Required action: The lines in the listing below are to be given again exactly, starting at the line holding "Pork Milanese- poached" and ending at the line holding "大判 きれいめ シルク調". Do not include pictures.

Given data:
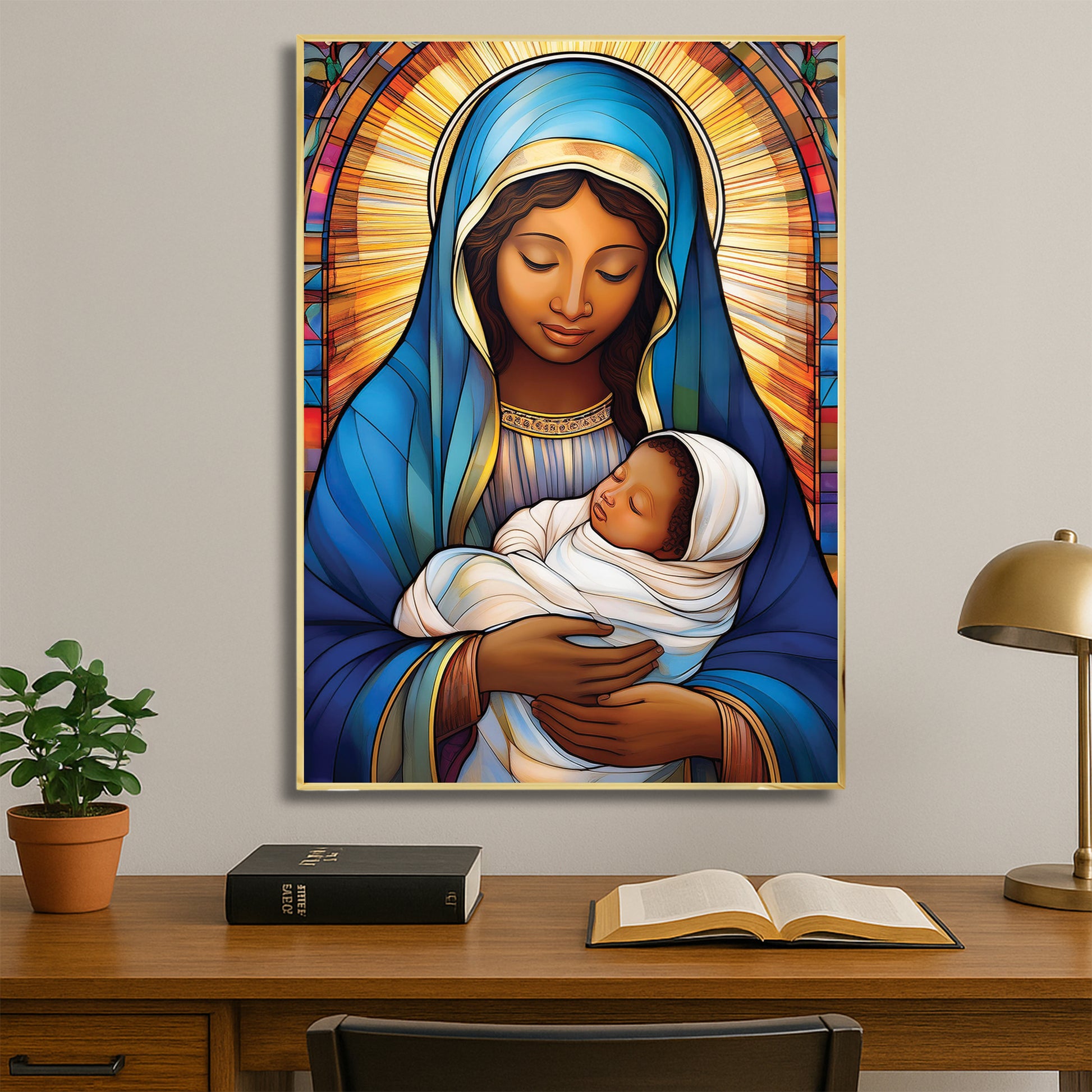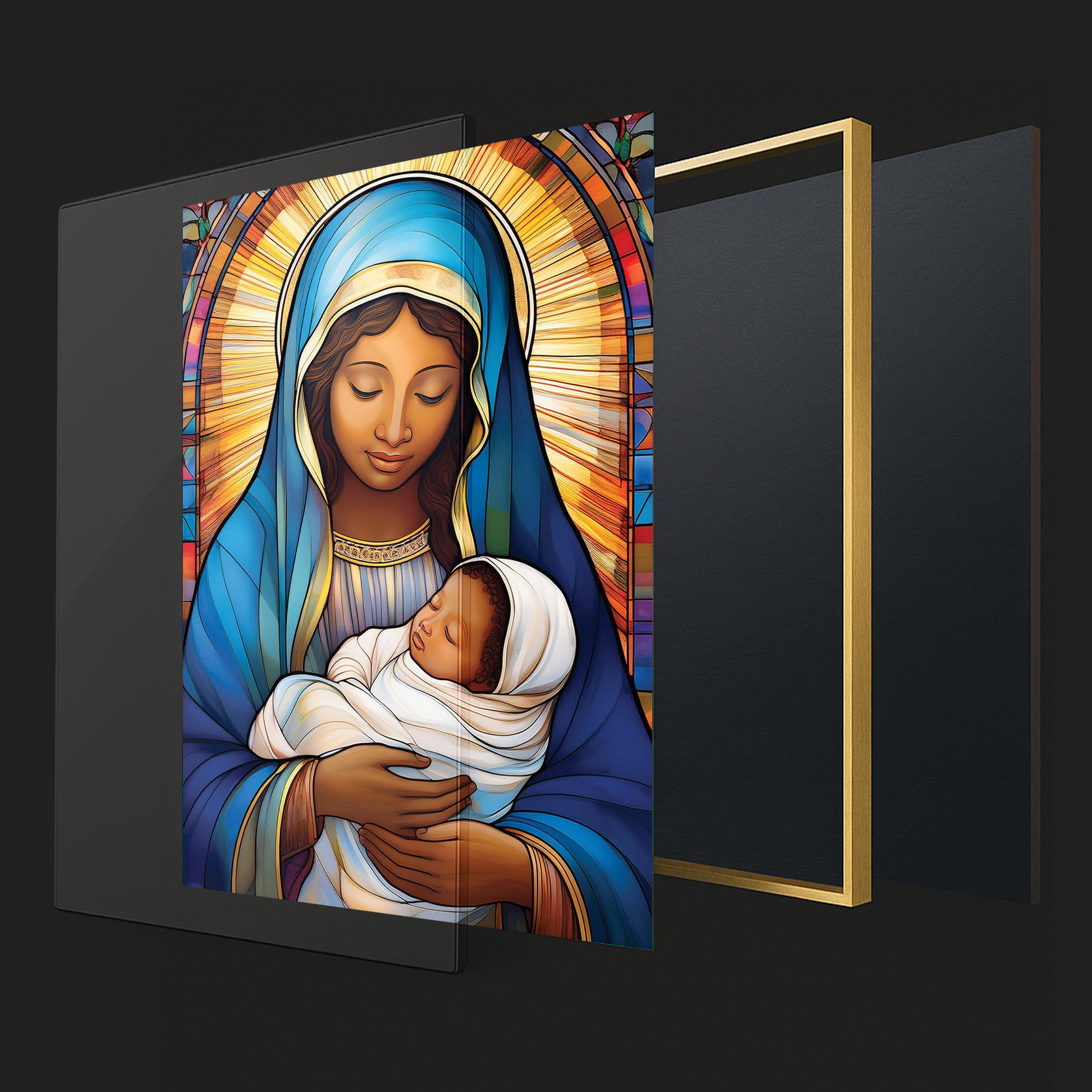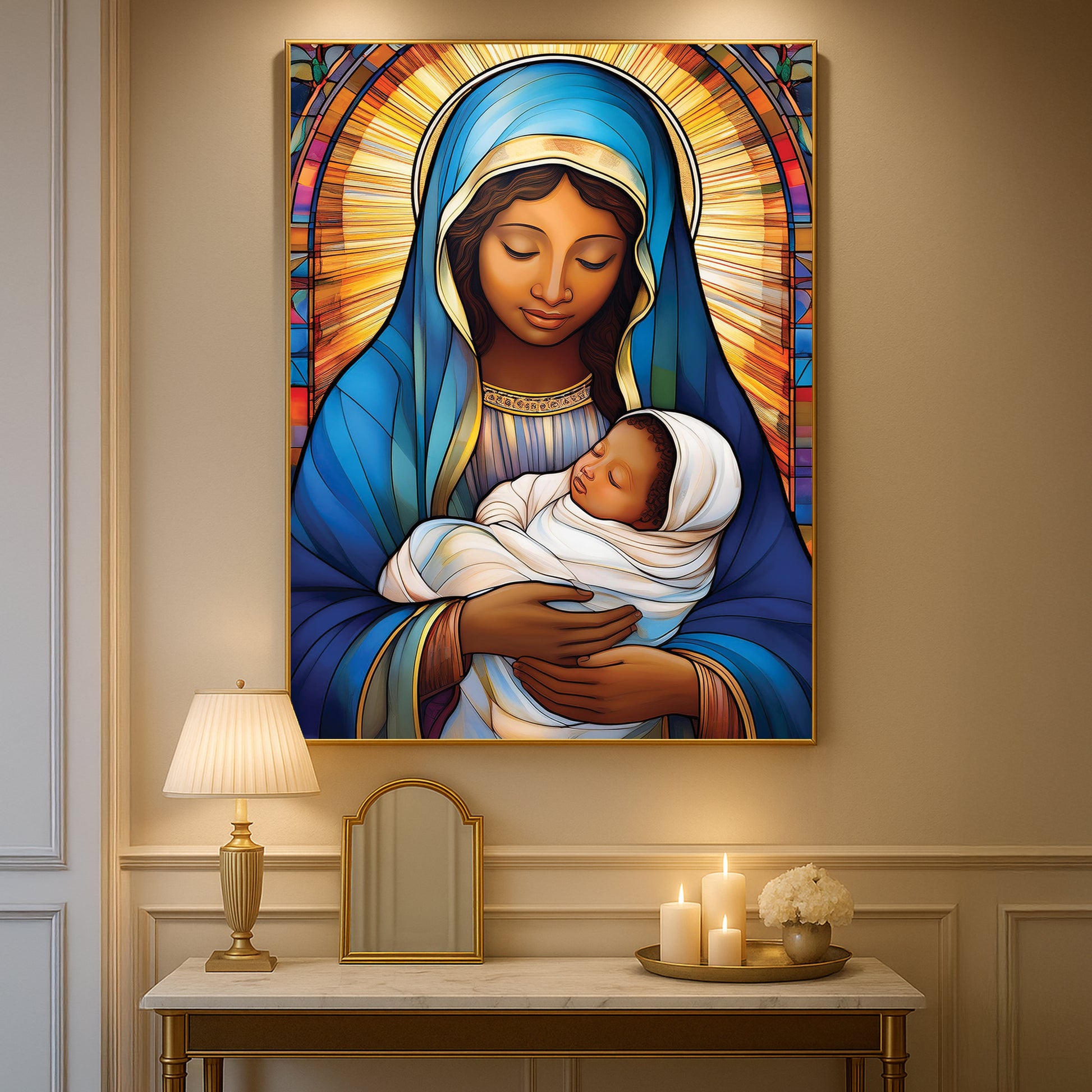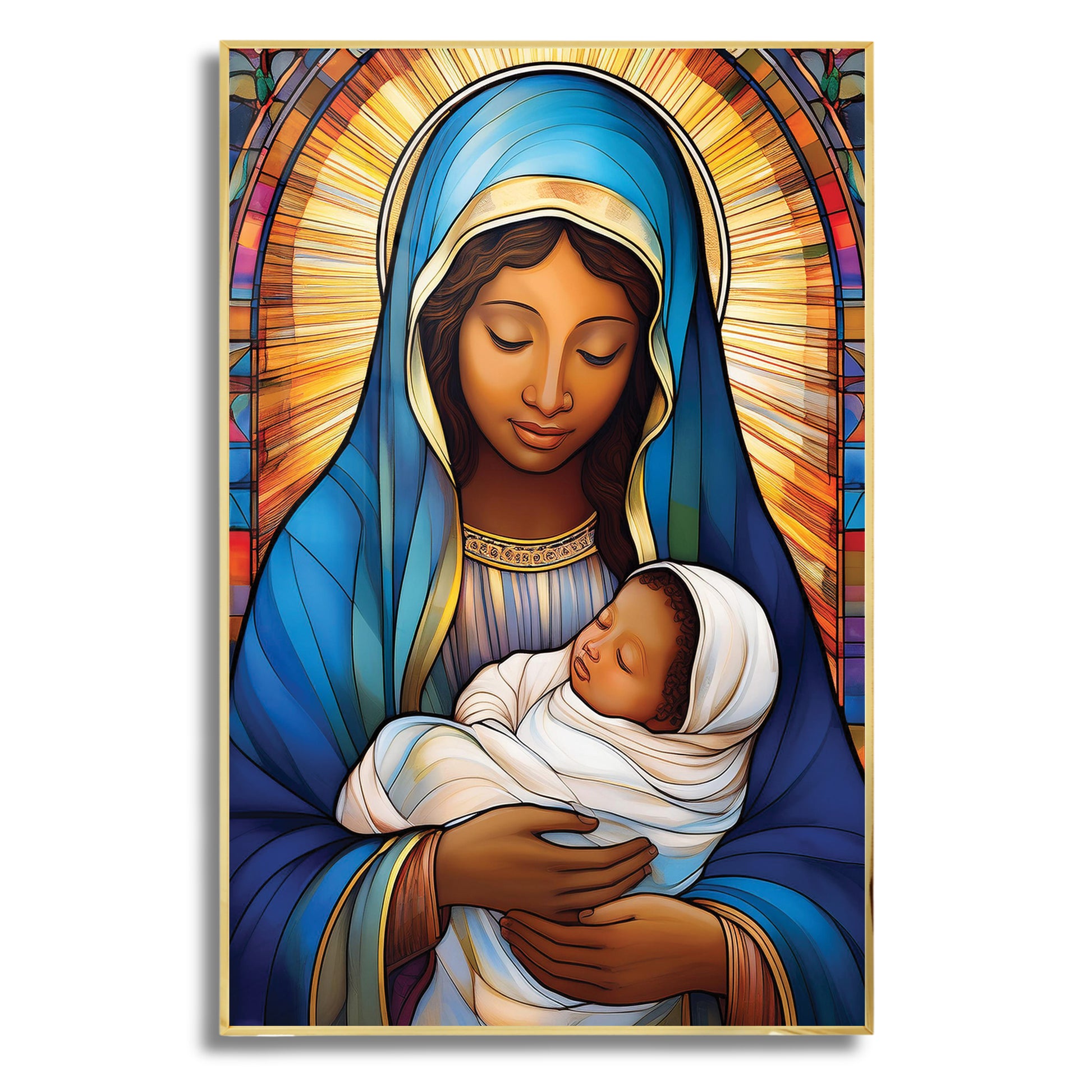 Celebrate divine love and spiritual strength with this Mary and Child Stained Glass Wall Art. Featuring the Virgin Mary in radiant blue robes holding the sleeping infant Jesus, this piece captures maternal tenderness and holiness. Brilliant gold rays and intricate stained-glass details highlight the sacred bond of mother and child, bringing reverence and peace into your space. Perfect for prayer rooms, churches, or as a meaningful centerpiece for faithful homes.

* * *

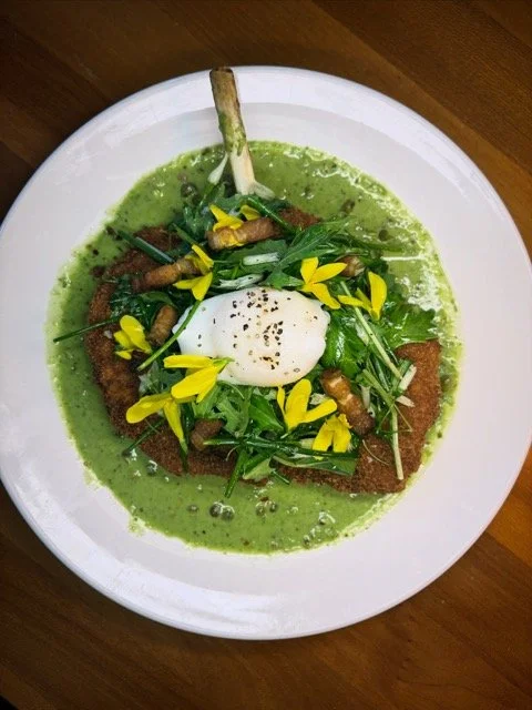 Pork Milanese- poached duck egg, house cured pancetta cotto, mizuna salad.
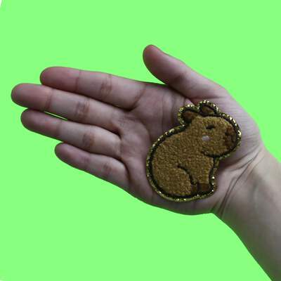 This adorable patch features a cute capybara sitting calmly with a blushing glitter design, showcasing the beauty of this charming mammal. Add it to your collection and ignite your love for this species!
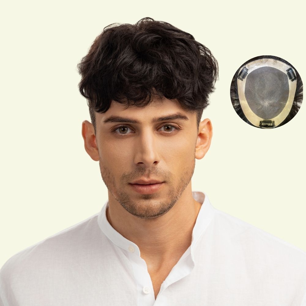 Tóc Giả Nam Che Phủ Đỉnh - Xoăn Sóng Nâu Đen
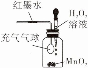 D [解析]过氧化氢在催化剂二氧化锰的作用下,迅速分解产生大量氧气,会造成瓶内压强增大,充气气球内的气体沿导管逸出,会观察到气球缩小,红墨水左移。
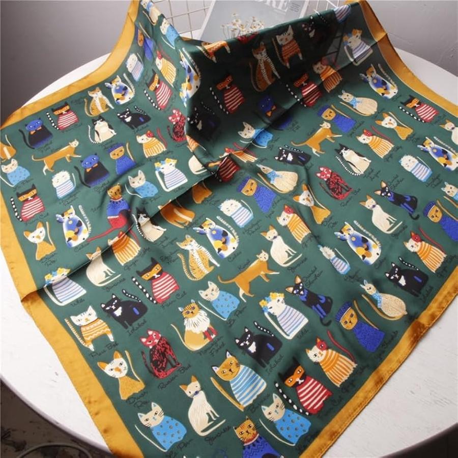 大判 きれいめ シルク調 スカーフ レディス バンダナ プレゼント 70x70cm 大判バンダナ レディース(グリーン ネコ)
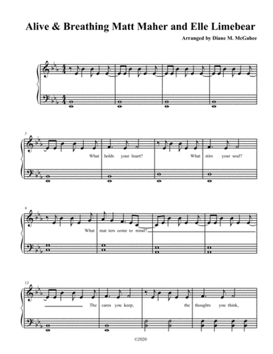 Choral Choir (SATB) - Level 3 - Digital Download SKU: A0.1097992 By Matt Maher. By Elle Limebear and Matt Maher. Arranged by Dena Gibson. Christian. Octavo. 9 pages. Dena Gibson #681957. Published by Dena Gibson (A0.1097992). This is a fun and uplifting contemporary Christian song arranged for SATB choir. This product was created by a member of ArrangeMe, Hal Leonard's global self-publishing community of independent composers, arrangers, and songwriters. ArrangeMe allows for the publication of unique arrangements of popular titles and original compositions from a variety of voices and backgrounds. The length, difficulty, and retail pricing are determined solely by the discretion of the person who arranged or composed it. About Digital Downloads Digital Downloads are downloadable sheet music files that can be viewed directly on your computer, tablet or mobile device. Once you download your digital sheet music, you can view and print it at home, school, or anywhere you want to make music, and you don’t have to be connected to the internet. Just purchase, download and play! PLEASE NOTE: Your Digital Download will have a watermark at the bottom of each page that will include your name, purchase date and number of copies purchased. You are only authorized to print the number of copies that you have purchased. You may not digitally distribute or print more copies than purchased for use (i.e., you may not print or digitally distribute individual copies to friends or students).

Result:
 Pork Milanese- poached duck egg, house cured pancetta cotto, mizuna salad.
 This adorable patch features a cute capybara sitting calmly with a blushing glitter design, showcasing the beauty of this charming mammal. Add it to your collection and ignite your love for this species!
 Tóc Giả Nam Che Phủ Đỉnh - Xoăn Sóng Nâu Đen
 D [解析]过氧化氢在催化剂二氧化锰的作用下,迅速分解产生大量氧气,会造成瓶内压强增大,充气气球内的气体沿导管逸出,会观察到气球缩小,红墨水左移。
 大判 きれいめ シルク調 スカーフ レディス バンダナ プレゼント 70x70cm 大判バンダナ レディース(グリーン ネコ)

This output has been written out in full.